Newman, que falou com a reportagem após o novo tarifaço de 25% contra o Brasil, diz que agora é o momento de o governo atuar para ajudar setores e, no longo prazo, olhar para outras potências comerciais em busca da promoção de "um sistema de comércio baseado em regras previsíveis de interação, fundamentado não na coerção, mas na prosperidade coletiva".

Como o senhor avalia o impacto geral da política tarifária do governo Trump até agora? Essas tarifas não têm realmente a ver com manufatura. Existem narrativas dizendo que esse é o objetivo, mas, na verdade, elas estão relacionadas a objetivos políticos.

Seja para arrecadar dinheiro para compensar os cortes de impostos, atingir adversários políticos ou extrair recursos em benefício de aliados próximos de Trump, há uma série de impactos envolvidos. Mas não se trata de reequilibrar o déficit comercial como um todo.

O Brasil é um caso perfeito. Os Estados Unidos têm superávit comercial com o Brasil. Portanto, não faz muito sentido mirar o Brasil ao mesmo tempo em que se elevam tarifas contra a China, por exemplo.

O governo Trump demonstrou disposição para recorrer repetidamente às tarifas como instrumento de política pública. Governos e empresas ao redor do mundo já devem partir do princípio de que as tarifas vieram para ficar, pelo menos durante o governo Trump? Os Estados Unidos não querem mais subsidiar um sistema global de comércio para o resto do mundo. E isso não é apenas um fenômeno do Trump. Quando o governo Biden estava no poder, manteve muitas das tarifas impostas pelo primeiro governo Trump. Também aplicou medidas contra a China e criou uma série de controles de exportação sobre semicondutores.

A ordem multilateral de comércio aberto que existia anteriormente, eu não acho que exista muito apoio político para ela, nem entre democratas nem entre republicanos. E acredito que os próprios americanos, em geral, perderam a confiança na OMC (Organização Mundial do Comércio) e na ideia de que deveria haver simplesmente livre-comércio.

A diferença é que o atual governo Trump utiliza essas ferramentas para aquilo que eu chamaria de interesses políticos paroquiais. Ou seja, para enfraquecer adversários políticos e extrair benefícios para pessoas próximas ao governo. O governo Biden estava realmente tentando conter a China. Isso é algo bastante diferente.

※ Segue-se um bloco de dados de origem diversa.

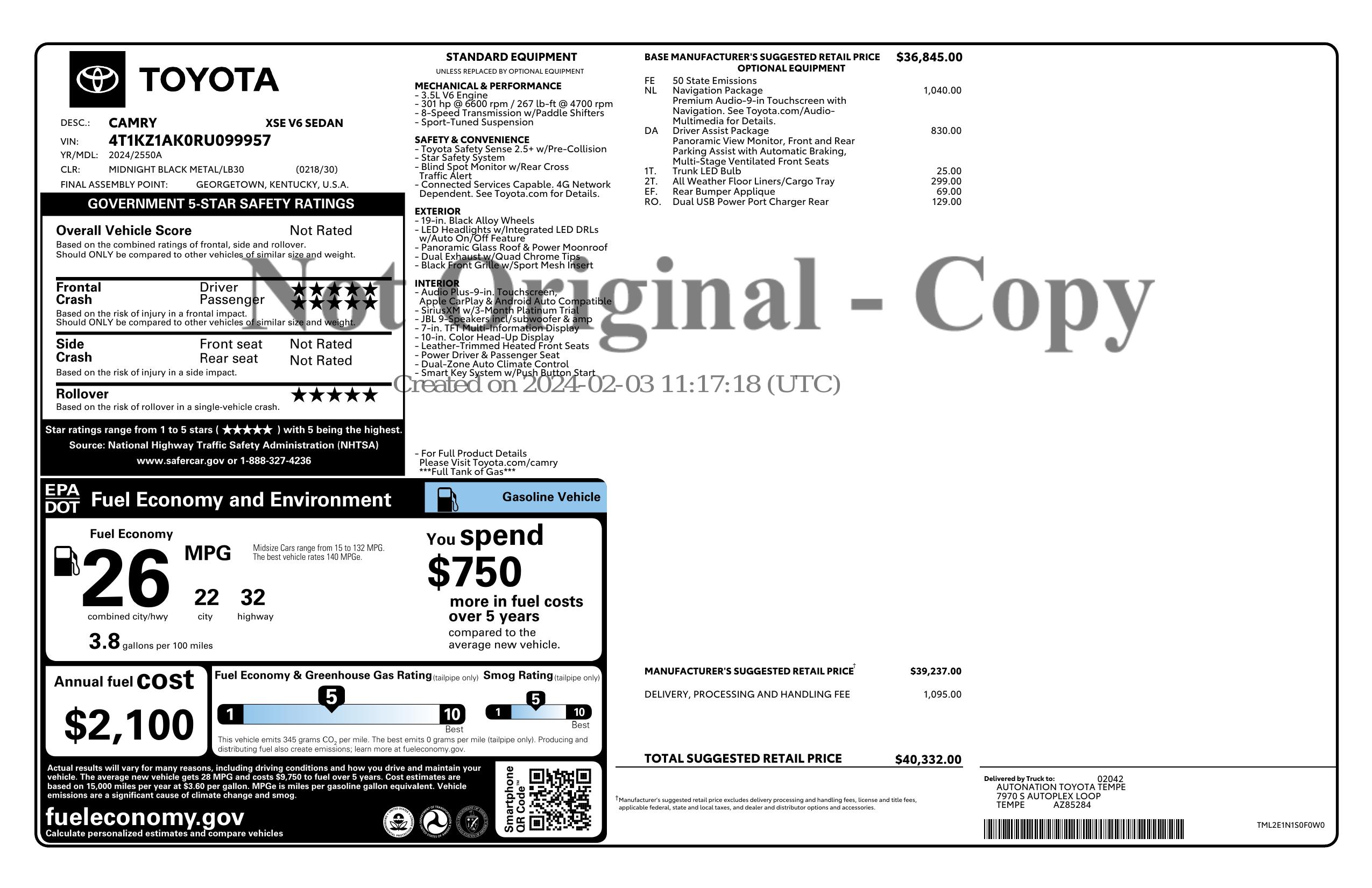2024 Toyota Camry V6 Auto (Natl)

O Brasil se tornou um dos principais alvos das tarifas americanas. Depois dessa tarifa de 25%, passamos a ser o segundo país com as maiores taxas, atrás apenas da China. Por que o senhor acha que o Brasil se tornou o novo foco? E por que agora? Acho que parte disso se deve ao fato de que o governo está procurando novas maneiras de restabelecer tarifas. Em parte porque precisa dessa arrecadação para lidar com as pressões orçamentárias criadas pelos próprios cortes de impostos.

Então veremos uma série de novas tarifas sendo implementadas nos próximos meses com base nessas novas investigações da Seção 301.

Mas acho que o Brasil é um alvo principalmente porque o governo está usando essas ferramentas não apenas para reequilibrar fluxos comerciais, mas para atingir ou apoiar aliados políticos. Nesse caso, a família Bolsonaro foi muito ativa ao tentar convencer o governo americano —especialmente Trump— a pressionar o governo brasileiro.